■ **WHAT IS EXPECTED**
Could you copy exactly the lines below from the one with "讲座题目:Information Acquisition and" to the one with "食育活動の一環として、小学生", inclusive, leaving out any pictures?

■ **SOURCE RECORDS**

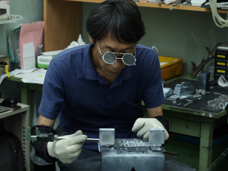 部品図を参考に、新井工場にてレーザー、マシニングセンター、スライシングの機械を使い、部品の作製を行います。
---
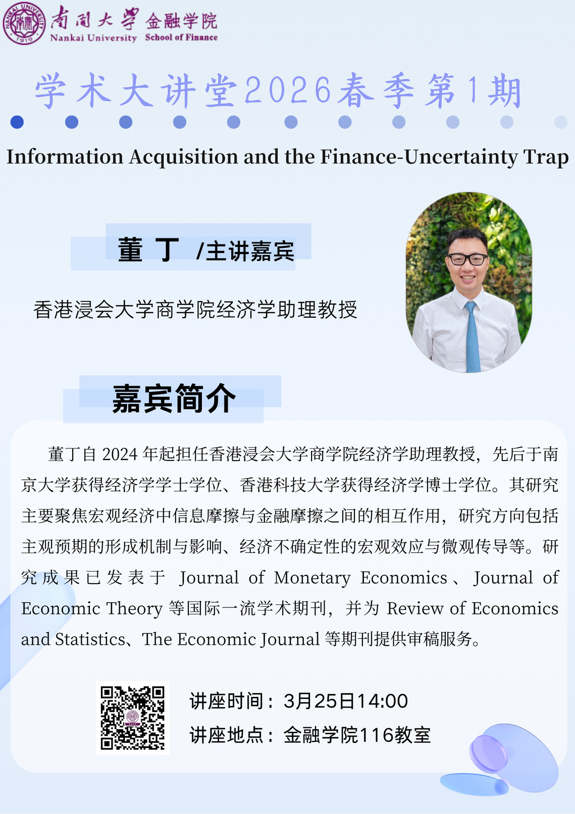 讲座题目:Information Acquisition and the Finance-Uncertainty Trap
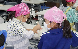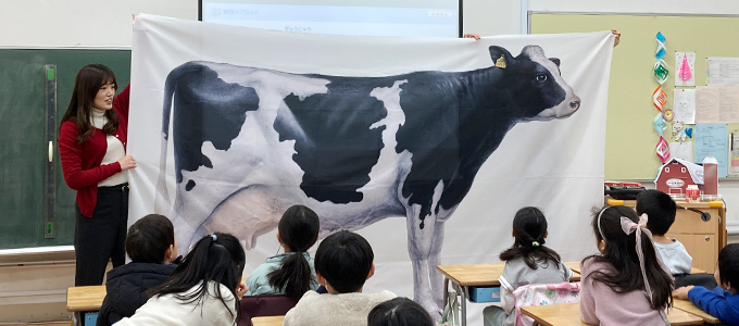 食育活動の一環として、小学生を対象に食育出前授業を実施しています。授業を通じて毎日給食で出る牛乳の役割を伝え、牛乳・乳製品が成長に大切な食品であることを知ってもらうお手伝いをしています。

■ **SOLVED PROBLEM**
 讲座题目:Information Acquisition and the Finance-Uncertainty Trap
 食育活動の一環として、小学生を対象に食育出前授業を実施しています。授業を通じて毎日給食で出る牛乳の役割を伝え、牛乳・乳製品が成長に大切な食品であることを知ってもらうお手伝いをしています。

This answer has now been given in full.